I figured out how to solve this using native Node functionality. Migg's answer was good and lead me in the right direction, but it still doesn't show how to automatically restart when the event loop is completely blocked.

The trick is to use Node's native child_process module and the fork method to start the server from another node instance and have that instance ping the server for responses, restarting it when it's stuck. This is similar to how Forever and PM2 work. It's hard to believe there's not a simple way to implement this with either of those libraries, but this is how you can do it naively.

I have commented this code heavily to point out what everything is doing. Also note that I am using ES2015's Arrow Functions. Go read about them if you're not familiar.
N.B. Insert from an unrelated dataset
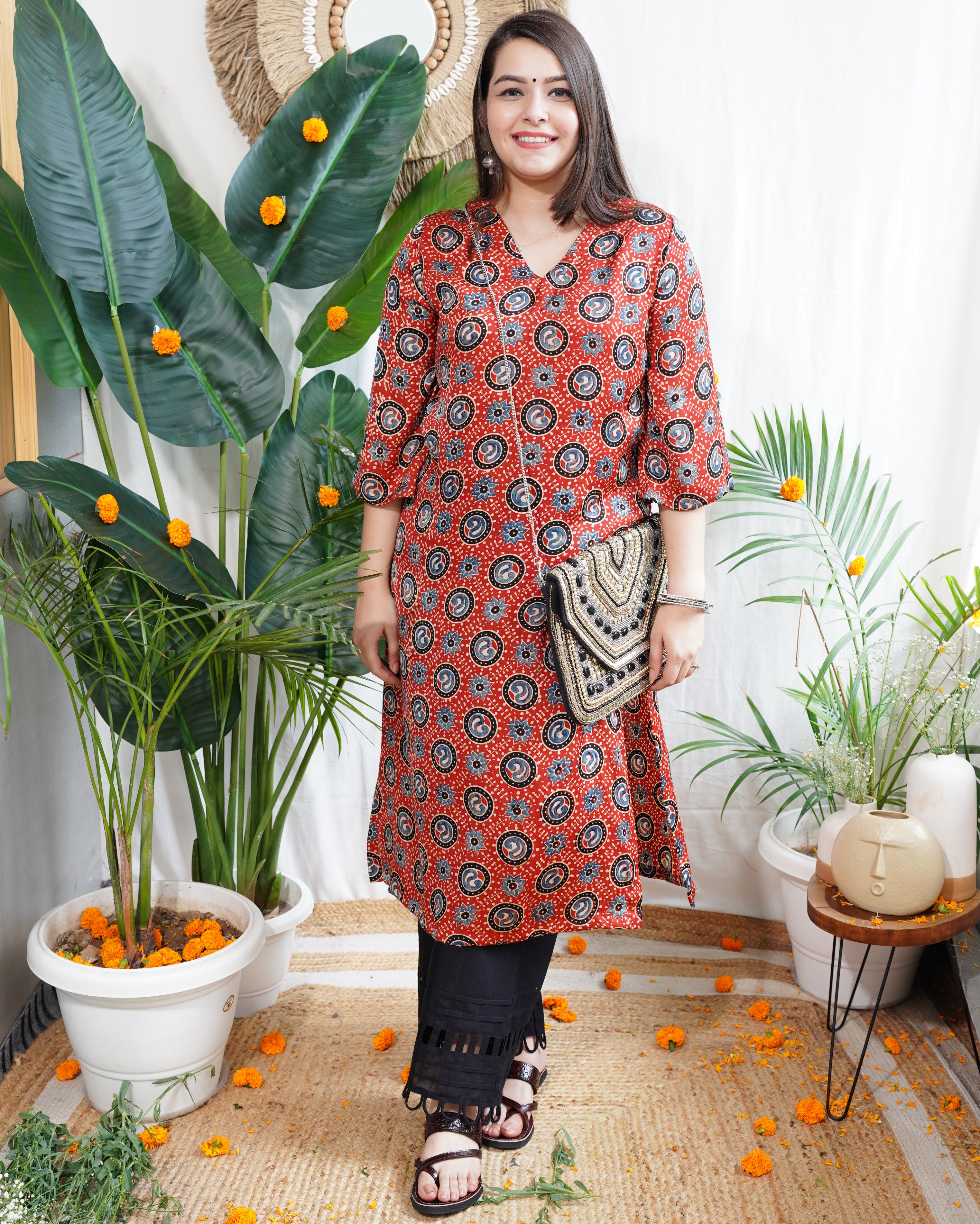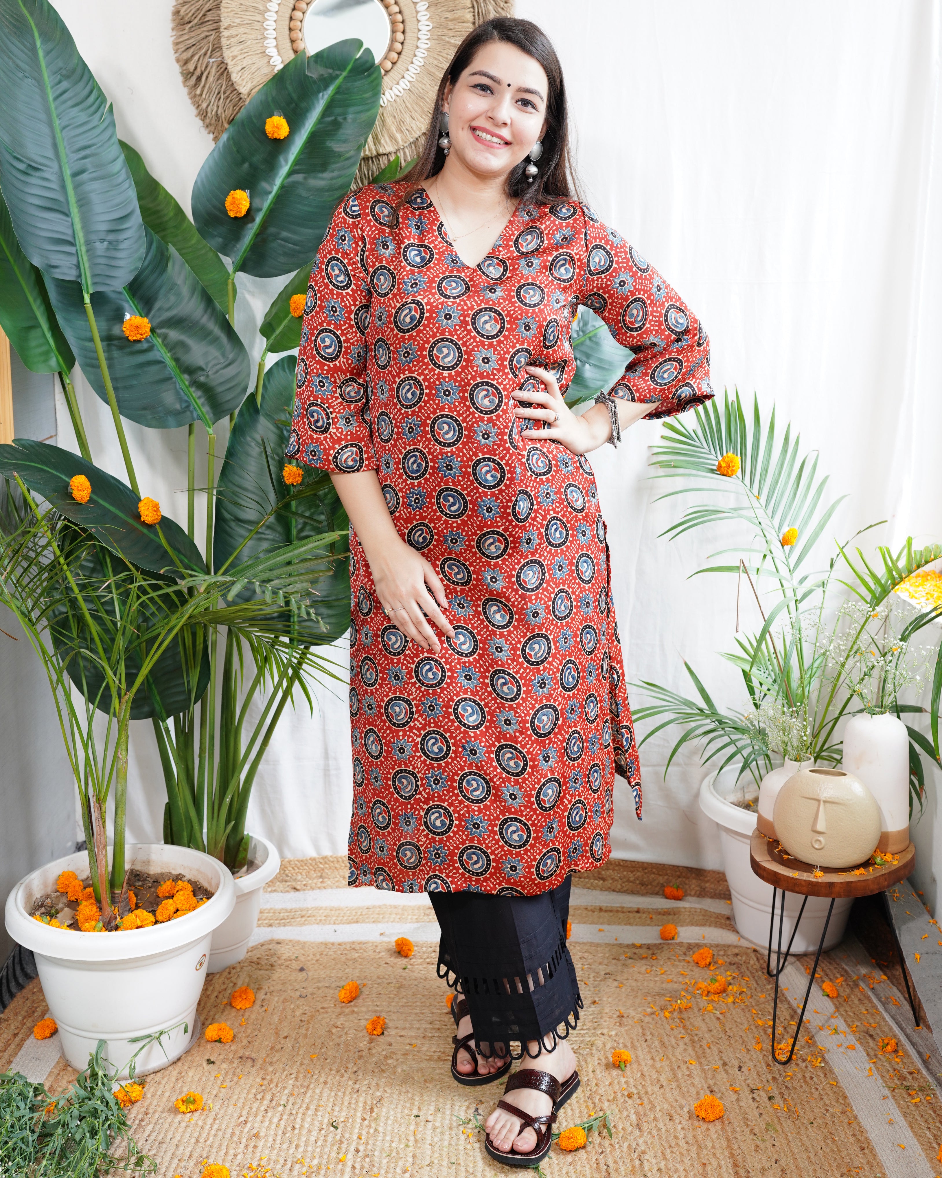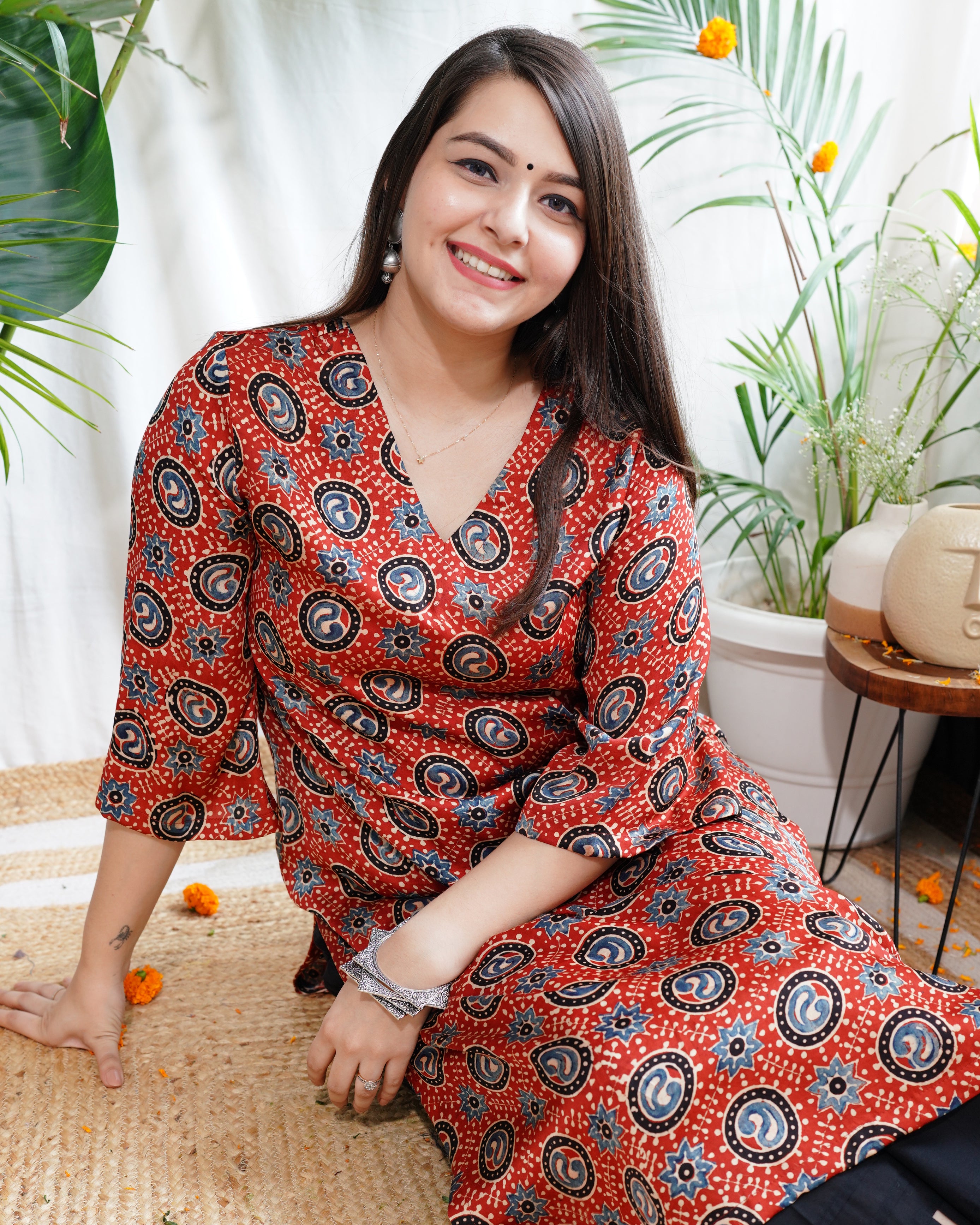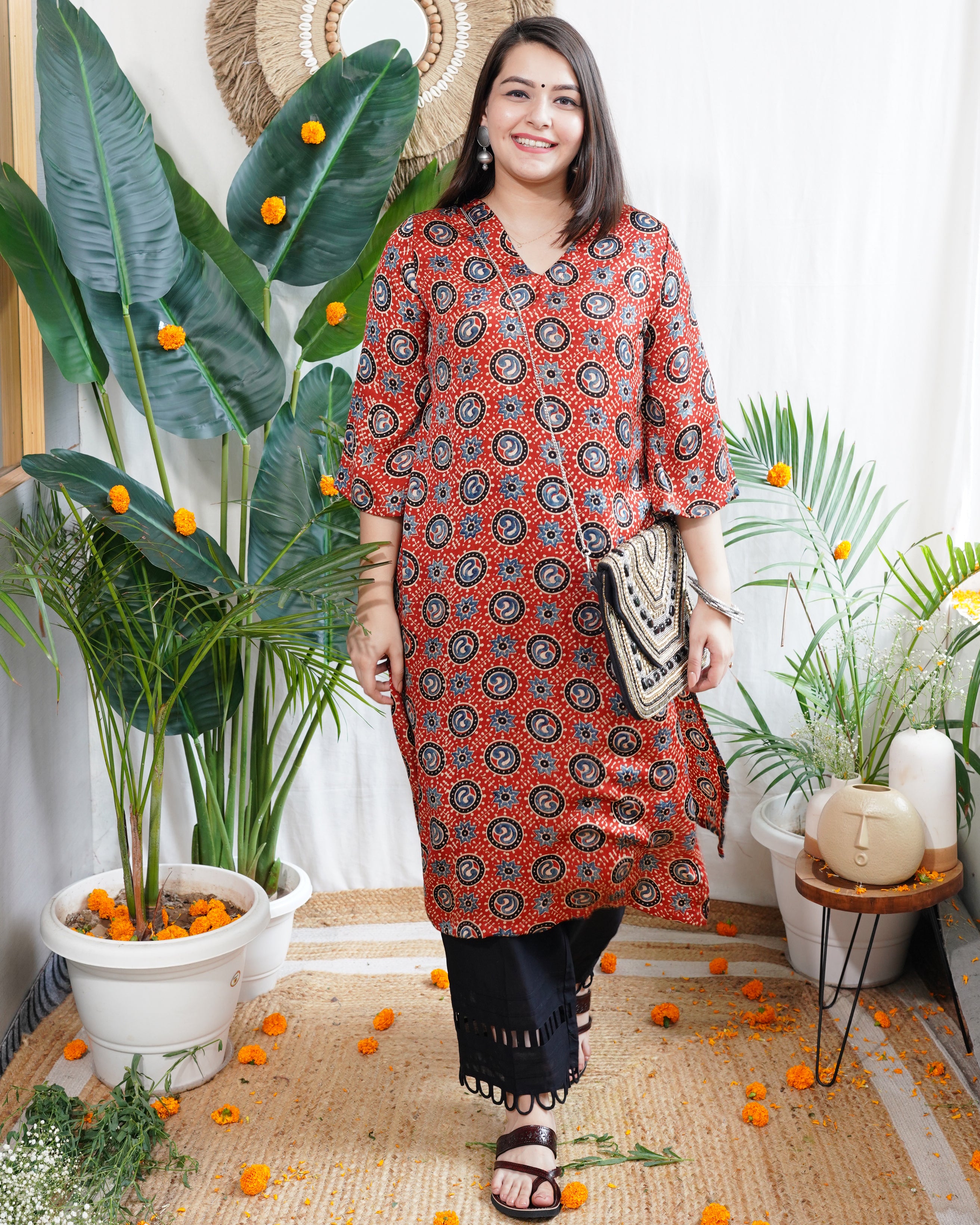 Celebrate the beauty of tradition with our Ajrakh Handcrafted Modal Silk designer panel Kurta.

var fork = require('child_process').fork;
var server, heartbeat; 

function startServer () {
  console.log('Starting server');
  server = fork('server');

  //when the server goes down restart it
  server.on('close', (code) => {
    startServer();
  });

  //when server sends a heartbeat message save it
  server.on('message', (message) => {
    heartbeat = message ? message.heartbeat : null;
  });

  //ask the server for a heartbeat
  server.send({request: 'heartbeat'});

  //wait 5 seconds and check if the server responded
  setTimeout(checkHeartbeat, 5000);
}

function checkHeartbeat() {
  if(heartbeat) {
    console.log('Server is alive');

    //clear the heart beat and send request for a new one
    heartbeat = null; 
    server.send({request: 'heartbeat'});

    //set another hearbeat check
    setTimeout(checkHeartbeat, 5000);

  } else {
    console.log('Server looks stuck...killing');
    server.kill();
  }
}

startServer();

Be sure to change out server.js with whatever Node app you want to run.
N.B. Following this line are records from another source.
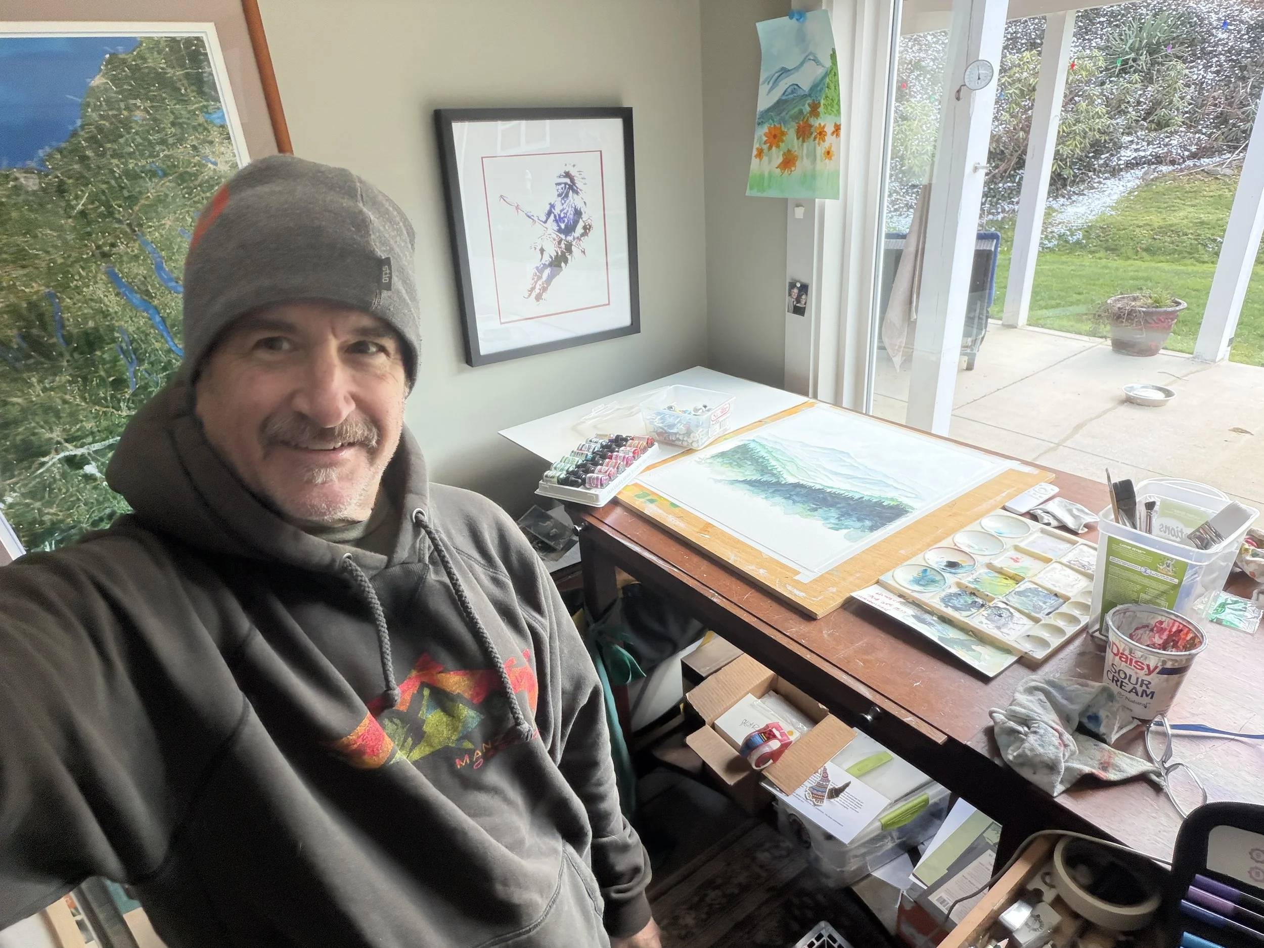 Gregβs work is on view at locations throughout Western North Carolina and has been collected across the US, Europe, and Japan, with select pieces available in limited print runs. He takes commissions, teaches watercolor locally one to three times a year, and brings a sharp design eye to everything he makes. Greg holds an Illustration/Graphic Arts degree from Syracuse University and spent years in the t-shirt world, work that continues today through design and production for local businesses.
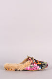 This trendy floral print flat features a slide style loafer mule hybrid, floral print fabric fabrication, faux fur lining, classic metal embellishment, low wrapped heel and a lightly padded insole for comfort.
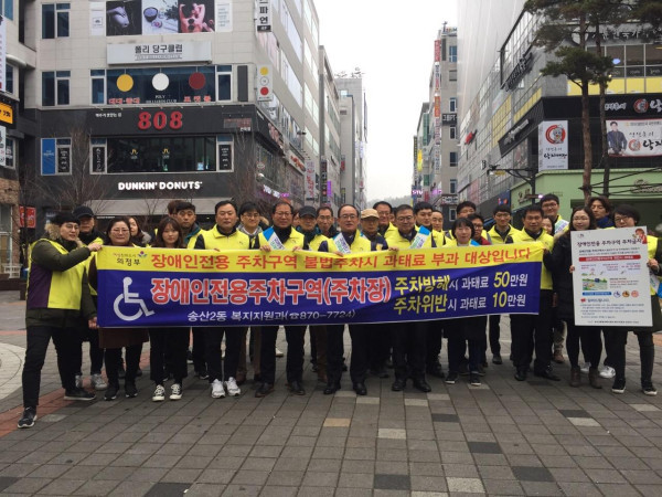 경기 의정부시 송산2동 행정복지센터 복지지원과는 4일 민락2지구 광장에서 급증하는 송산권역(송산1·2동 및 자금동) 장애인전용주차구역 위반 방지를 위한 홍보 캠페인을 실시했다. 사진은 참여자들이 캠페인을 진행하는 모습. (사진제공=의정부시청)
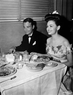 Lew Ayres and Donna Reed have lunch at the M-G-M commissary

Now on your server add the following to respond to the heartbeat request.

//listen and respond to heartbeat request from parent
process.on('message', (message) => {
  if(message && message.request === 'heartbeat') {
    process.send({heartbeat: 'thump'});
  }
});

Finally add a timeout to test that it works (not for production!)

//block the even loop after 30 seconds 
setTimeout(() => {
  for(;;){}
}, 30000);

First of all you should try to find the problems in the code by reviewing it.

Memory Leaks

For the running app you should use pm2. It has a setting to restart the app based on too much memory consumption. Directly from the docs:

pm2 start big-array.js --max-memory-restart 20M

Or using an ecosystem.json:

{
    "max_memory_restart" : "20M"
}

There are also several great articles about debugging memory leaks in node.js to find online. There is even a module that reports leaks which we used in the early days. This is too big a subject to fill it in here.

Blocking Event Loop / Infinite Loops

You can instrument your app to report the responsiveness of the event loop. So if some code blocks the loop for too long you can programmatically terminate the process. You will have to look at process.nextTick.

You can introduce a measurement that for example calls process.nextTick every X seconds, and if it then takes more than some defined time, send process.exit(1) to terminate the process and let pm2 restart it.

The upside of this would be that your app runs most of the time. The downside would be that all users with open connections would get no answer when process.exit is called.

Debugging

To find memory leaks and other problems in the running code you should dive into https://www.joyent.com/developers/node/debug. There is a whole section about MDB which will help you find the problems, but it will take some time and getting used to it. All of this is too much information to not link to it here.

Best of luck with your app!